● **Required work**: Leaving out all pictures, give again each line exactly, from the start of the listing through the line that contains "Schlosshafen im Abendlicht".

● **Given information**:
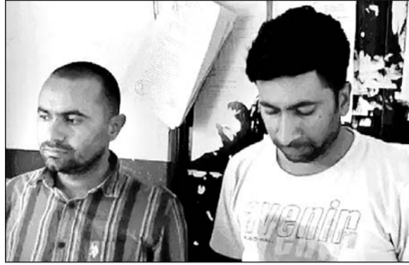
एस.ओ.जी. ने जोधपुर से एक प्राइवेट टीचर और बजरी कारोबारी को गिरफ्तार कर अजमेर स्थित कोर्ट में पेश किया।

अजमेर, (कासं)। राजस्थान लोक सेवा आयोग की ओर से आयोजित हिंदी लेक्चरर भर्ती परीक्षा 2022 में फर्जी मार्कशीट के मामले में एस.ओ.जी. ने जोधपुर से एक प्राइवेट टीचर और बजरी कारोबारी को गिरफ्तार कर सोमवार को अजमेर स्थित कोर्ट में पेश किया, जहां से कोर्ट ने आरोपियों को चार दिन की रिमांड पर सौंप दिया। एसओजी की पूछताछ में दोनों आरोपियों ने फर्जी डिग्री की मार्कशीट का सत्यापन मेवाड़ यूनिवर्सिटी से कराना काबूला है। एसओजी अब तक मामले में 9 लोगों को गिरफ्तार कर चुकी है और जांच में जुटी है।
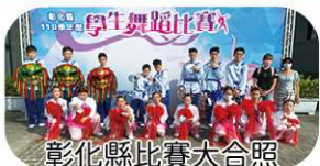
彰化縣比賽大合照
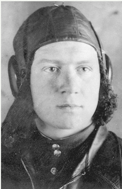
Кулаков Леонид Сергеевич. Гвардии полковник

Совершил 117 боевых вылетов, провёл 19 воздушных боёв, в которых сбил лично 6 самолётов противника.
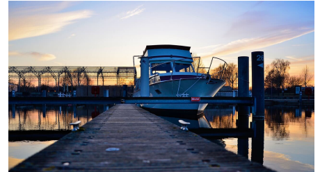
Schlosshafen im Abendlicht
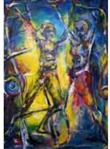
„Begegnung beim Tanz“

Filderstadt-Plattenhardt Tel.: 0711 / 771390

● **Result of the task**:
एस.ओ.जी. ने जोधपुर से एक प्राइवेट टीचर और बजरी कारोबारी को गिरफ्तार कर अजमेर स्थित कोर्ट में पेश किया।

अजमेर, (कासं)। राजस्थान लोक सेवा आयोग की ओर से आयोजित हिंदी लेक्चरर भर्ती परीक्षा 2022 में फर्जी मार्कशीट के मामले में एस.ओ.जी. ने जोधपुर से एक प्राइवेट टीचर और बजरी कारोबारी को गिरफ्तार कर सोमवार को अजमेर स्थित कोर्ट में पेश किया, जहां से कोर्ट ने आरोपियों को चार दिन की रिमांड पर सौंप दिया। एसओजी की पूछताछ में दोनों आरोपियों ने फर्जी डिग्री की मार्कशीट का सत्यापन मेवाड़ यूनिवर्सिटी से कराना काबूला है। एसओजी अब तक मामले में 9 लोगों को गिरफ्तार कर चुकी है और जांच में जुटी है।
彰化縣比賽大合照
Кулаков Леонид Сергеевич. Гвардии полковник

Совершил 117 боевых вылетов, провёл 19 воздушных боёв, в которых сбил лично 6 самолётов противника.
Schlosshafen im Abendlicht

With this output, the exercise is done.